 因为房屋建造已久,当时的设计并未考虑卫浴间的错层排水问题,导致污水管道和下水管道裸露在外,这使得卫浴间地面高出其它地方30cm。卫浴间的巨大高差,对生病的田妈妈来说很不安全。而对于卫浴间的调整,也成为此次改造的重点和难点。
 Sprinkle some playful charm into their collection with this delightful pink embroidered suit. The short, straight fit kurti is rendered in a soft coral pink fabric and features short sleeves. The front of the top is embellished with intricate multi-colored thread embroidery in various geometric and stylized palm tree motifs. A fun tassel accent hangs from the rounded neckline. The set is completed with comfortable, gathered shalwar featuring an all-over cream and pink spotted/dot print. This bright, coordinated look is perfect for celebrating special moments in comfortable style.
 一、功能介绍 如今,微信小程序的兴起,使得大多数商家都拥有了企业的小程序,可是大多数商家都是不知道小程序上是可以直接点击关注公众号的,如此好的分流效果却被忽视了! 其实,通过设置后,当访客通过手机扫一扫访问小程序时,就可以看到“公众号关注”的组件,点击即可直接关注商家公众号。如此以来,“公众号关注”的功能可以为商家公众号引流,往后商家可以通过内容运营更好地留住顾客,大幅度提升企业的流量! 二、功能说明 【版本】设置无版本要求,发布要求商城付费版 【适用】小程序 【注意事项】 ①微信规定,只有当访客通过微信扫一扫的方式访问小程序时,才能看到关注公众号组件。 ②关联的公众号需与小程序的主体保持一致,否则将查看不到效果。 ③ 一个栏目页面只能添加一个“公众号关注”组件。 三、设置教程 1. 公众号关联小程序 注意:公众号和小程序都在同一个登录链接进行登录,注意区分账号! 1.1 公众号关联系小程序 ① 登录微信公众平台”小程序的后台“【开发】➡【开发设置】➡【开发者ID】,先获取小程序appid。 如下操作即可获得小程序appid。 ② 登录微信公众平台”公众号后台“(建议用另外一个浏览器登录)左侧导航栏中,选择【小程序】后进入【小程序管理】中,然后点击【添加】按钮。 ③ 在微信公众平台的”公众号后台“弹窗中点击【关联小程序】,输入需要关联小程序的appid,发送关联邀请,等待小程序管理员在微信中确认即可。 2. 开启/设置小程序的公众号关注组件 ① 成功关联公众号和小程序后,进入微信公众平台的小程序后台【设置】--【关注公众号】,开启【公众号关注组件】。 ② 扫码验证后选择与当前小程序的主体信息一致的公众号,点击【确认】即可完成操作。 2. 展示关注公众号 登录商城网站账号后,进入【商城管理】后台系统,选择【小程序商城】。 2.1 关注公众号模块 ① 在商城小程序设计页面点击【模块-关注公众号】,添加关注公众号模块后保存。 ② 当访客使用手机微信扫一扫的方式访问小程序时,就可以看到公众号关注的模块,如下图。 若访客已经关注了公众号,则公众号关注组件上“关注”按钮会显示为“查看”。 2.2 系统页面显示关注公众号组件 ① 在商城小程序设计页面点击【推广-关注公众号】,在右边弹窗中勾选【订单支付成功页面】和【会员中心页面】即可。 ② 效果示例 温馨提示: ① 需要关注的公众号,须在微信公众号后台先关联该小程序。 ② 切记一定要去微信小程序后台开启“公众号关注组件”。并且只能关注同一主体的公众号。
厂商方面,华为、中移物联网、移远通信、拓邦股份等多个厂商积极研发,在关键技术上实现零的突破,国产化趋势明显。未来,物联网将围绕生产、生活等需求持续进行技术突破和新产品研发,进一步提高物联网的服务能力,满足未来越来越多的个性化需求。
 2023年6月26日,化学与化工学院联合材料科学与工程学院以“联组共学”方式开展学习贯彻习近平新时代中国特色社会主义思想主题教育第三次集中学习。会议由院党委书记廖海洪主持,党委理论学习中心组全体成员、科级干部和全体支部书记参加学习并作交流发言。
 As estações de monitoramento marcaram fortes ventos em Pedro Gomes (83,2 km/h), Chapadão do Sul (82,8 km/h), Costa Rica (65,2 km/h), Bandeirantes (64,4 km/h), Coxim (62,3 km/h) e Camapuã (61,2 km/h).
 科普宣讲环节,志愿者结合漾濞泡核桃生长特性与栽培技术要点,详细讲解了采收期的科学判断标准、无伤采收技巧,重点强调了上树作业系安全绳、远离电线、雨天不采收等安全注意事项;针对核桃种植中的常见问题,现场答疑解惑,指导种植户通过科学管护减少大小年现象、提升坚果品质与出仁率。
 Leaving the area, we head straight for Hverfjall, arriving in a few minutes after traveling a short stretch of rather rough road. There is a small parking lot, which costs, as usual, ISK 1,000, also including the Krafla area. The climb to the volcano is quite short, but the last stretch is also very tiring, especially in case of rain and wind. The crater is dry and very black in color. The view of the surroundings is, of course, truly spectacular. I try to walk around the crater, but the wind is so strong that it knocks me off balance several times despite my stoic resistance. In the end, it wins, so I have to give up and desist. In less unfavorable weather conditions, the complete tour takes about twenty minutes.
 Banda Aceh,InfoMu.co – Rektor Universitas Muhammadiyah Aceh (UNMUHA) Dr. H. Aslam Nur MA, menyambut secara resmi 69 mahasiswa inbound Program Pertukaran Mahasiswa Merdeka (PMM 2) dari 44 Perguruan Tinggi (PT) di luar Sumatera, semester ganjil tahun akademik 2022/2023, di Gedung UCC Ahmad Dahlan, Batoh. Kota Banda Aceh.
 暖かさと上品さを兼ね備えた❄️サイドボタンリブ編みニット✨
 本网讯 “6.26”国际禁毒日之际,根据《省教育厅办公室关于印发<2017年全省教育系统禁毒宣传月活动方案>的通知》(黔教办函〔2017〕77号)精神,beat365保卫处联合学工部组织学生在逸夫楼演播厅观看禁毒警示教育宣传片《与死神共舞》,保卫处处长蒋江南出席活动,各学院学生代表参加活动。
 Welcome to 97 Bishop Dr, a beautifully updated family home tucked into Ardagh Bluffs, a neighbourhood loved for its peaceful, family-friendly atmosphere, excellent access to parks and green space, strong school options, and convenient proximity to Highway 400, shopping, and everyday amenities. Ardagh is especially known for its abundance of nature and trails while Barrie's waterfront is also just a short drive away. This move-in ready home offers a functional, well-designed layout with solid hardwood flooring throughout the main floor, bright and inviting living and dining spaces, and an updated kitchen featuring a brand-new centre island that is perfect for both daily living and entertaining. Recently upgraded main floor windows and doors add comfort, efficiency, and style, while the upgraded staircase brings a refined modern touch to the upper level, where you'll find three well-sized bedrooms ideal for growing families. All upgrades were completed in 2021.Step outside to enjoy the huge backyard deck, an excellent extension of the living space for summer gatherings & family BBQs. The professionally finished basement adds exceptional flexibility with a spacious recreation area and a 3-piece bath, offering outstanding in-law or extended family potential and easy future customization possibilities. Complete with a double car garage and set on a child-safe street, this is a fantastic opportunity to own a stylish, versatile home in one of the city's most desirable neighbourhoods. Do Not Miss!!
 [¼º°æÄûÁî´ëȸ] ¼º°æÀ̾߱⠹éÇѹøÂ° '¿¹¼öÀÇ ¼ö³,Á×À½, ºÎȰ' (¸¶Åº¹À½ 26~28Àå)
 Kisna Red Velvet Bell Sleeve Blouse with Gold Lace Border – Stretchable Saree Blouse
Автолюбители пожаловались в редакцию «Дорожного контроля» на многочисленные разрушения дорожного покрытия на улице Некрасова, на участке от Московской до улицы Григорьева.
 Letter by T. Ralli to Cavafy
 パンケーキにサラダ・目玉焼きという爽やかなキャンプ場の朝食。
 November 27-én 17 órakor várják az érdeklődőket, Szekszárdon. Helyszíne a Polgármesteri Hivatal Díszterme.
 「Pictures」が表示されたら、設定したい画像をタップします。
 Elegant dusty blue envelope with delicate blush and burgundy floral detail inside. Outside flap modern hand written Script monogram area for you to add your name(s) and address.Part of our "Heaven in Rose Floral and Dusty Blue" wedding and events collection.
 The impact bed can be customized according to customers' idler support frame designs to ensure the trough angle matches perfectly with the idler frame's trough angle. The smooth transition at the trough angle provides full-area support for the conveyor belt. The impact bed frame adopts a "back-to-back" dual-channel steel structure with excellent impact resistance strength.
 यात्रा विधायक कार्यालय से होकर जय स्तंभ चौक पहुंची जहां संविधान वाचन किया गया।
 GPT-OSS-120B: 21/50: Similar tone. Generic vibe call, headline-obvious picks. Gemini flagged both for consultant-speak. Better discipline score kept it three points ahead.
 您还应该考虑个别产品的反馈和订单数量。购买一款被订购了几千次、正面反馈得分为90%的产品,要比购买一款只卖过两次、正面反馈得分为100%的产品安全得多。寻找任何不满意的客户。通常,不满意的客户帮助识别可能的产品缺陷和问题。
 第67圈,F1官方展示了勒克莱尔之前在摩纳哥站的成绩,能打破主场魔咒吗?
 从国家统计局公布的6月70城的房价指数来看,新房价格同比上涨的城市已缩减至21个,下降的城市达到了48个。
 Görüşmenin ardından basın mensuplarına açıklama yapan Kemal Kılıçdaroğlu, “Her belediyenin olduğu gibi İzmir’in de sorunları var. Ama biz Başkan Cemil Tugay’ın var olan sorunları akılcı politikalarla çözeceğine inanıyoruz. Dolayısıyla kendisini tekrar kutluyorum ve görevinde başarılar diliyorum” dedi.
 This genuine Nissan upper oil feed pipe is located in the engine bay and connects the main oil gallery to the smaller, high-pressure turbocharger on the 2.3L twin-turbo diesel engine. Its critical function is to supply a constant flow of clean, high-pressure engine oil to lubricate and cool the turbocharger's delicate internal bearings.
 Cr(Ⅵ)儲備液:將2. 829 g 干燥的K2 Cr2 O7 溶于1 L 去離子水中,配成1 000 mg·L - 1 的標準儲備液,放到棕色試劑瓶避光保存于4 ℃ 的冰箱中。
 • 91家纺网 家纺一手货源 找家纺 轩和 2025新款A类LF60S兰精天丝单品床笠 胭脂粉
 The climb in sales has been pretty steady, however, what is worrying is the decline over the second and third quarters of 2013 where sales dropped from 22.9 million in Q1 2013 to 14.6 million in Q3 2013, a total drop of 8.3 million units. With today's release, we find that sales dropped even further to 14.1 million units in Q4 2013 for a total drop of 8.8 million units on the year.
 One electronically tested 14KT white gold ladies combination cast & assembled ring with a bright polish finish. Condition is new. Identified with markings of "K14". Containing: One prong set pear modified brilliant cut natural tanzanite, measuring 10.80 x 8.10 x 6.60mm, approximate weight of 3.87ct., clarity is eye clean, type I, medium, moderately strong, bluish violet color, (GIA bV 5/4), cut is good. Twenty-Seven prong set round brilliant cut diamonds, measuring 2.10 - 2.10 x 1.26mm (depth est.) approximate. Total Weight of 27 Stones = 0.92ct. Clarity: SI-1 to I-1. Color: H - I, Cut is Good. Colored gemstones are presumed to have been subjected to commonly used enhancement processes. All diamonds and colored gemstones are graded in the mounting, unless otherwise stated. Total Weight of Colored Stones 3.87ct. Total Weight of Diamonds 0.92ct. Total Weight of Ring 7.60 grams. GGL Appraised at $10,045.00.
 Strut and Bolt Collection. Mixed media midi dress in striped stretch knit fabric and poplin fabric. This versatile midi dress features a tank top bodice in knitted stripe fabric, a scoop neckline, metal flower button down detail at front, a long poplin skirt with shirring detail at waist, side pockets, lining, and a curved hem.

════

Please copy every line of the material that contains the word "detail".

 Elegant dusty blue envelope with delicate blush and burgundy floral detail inside. Outside flap modern hand written Script monogram area for you to add your name(s) and address.Part of our "Heaven in Rose Floral and Dusty Blue" wedding and events collection.
 Strut and Bolt Collection. Mixed media midi dress in striped stretch knit fabric and poplin fabric. This versatile midi dress features a tank top bodice in knitted stripe fabric, a scoop neckline, metal flower button down detail at front, a long poplin skirt with shirring detail at waist, side pockets, lining, and a curved hem.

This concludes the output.